Effect of differentiation duration (0–11 days) on expression of EdU, Muc2 and ALP in human 2D crypts. (A) EdU (green), Muc2 (yellow), ALP (red) and Hoechst 33342 (blue) staining of 2D crypts at varying times after the switch to EM/DM (basal/luminal medium). (B-D) Quantification of EdU, Muc2 and ALP coverage per crypt unit. n=3 arrays. Coverage % is defined in experimental section. Transverse colon cells from donor-1 were used.

Figure 4.

Self-renewal, cell migration and apoptosis in 2D crypts. (A) Cell migration was revealed by an EdU pulse chase experiment. At 4 days after polarization, the cells were pulsed with EdU for 24 h. Post EdU pulse, the cells were fixed at 0–4 days and the incorporated EdU developed with a fluorescent reagent. The proliferative zone of one crypt unit is marked with dotted circle. (B) Radius of EdU⁺ zone vs. post-EdU pulse duration. n=30 crypt units for each measurement. (C) Brightfield image after crypt polarization for 5 and 10 days. (D) Detection of apoptotic cells (annexin-V, green) and necrotic cells (PI, red). (E) Detection of apoptotic cells (caspase-3, red) and proliferative cells (EdU, green). (F) Percentage of active caspase-3 coverage (average and standard deviation) in the proliferative and differentiated cell zones. n=3 arrays. Coverage % is defined in experimental section. Center-to-center gap is 525 μm for (A) and (B), 350 μm for (C)-(F). Transverse colon cells from donor-1 were used.

Figure 5.

Impact of compounds on cell proliferation and differentiation. (A) Schematic of the assay steps. (B) Representative images of 4 unit crypts exposed to the indicated compounds.
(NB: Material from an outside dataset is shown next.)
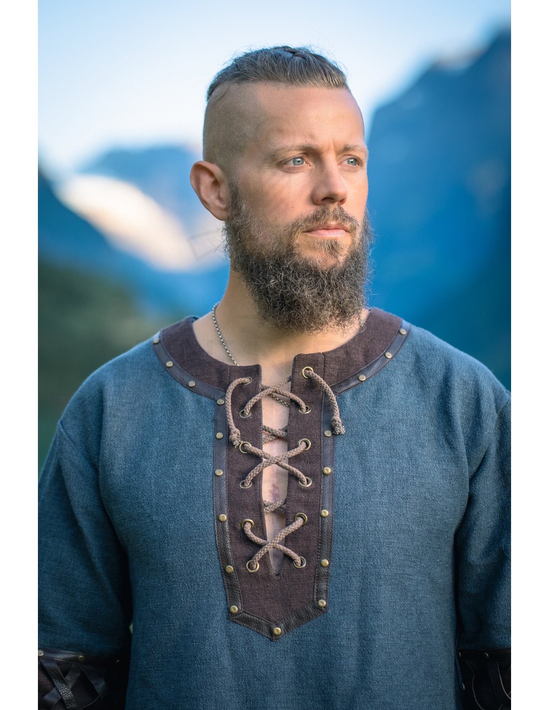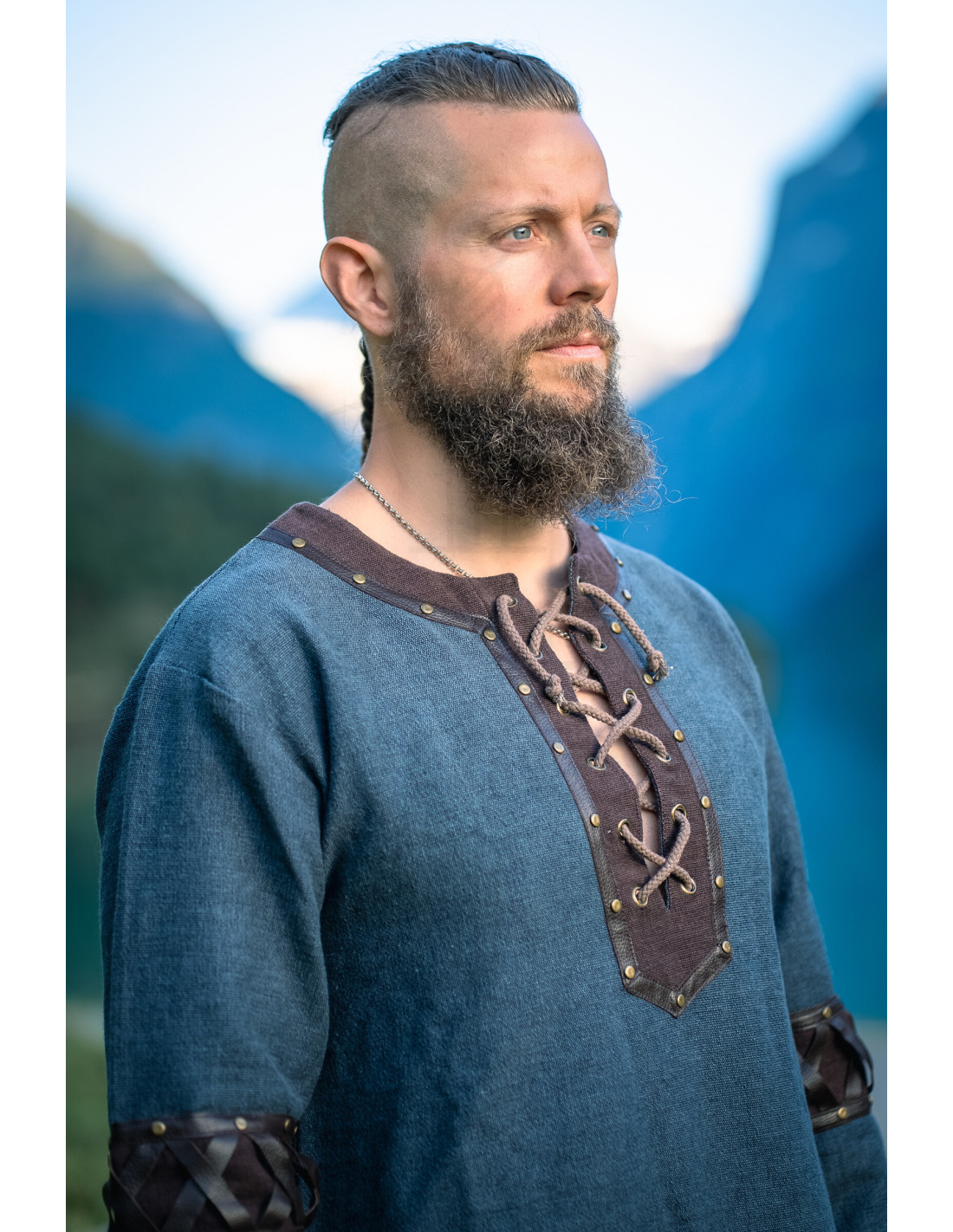 The tunic features a straight cut that is both flattering and practical, fitted with genuine leather details that enhance its visual appeal without compromising on durability. Adjustable laces allow for a personalized fit, while the carefully designed front and back slits enable ease of movement for all occasions, from reenactments to thematic events.

The 2D crypts were from transverse colon of donor-1. Green: EdU, yellow: Muc2, red: ALP, blue: DNA. Transverse colon cells from donor-1 were used.

Figure 6.

Screening of 12 compounds on cell proliferation and differentiation. (A-C) Relative fluorescence intensity of 10×10 crypt units (normalized to the control untreated crypts and total cell count). n=3. *: p<0.05; **: p<0.005. (A) Proliferative cells (EdU⁺). (B) Goblet cells (Muc2⁺). (C) Colonocytes cells (ALP⁺). (D) List of 12 compounds, the selected concentration, references for the concentration, and magnitude of effect. Transverse colon cells from donor-1 and donor-2 were used.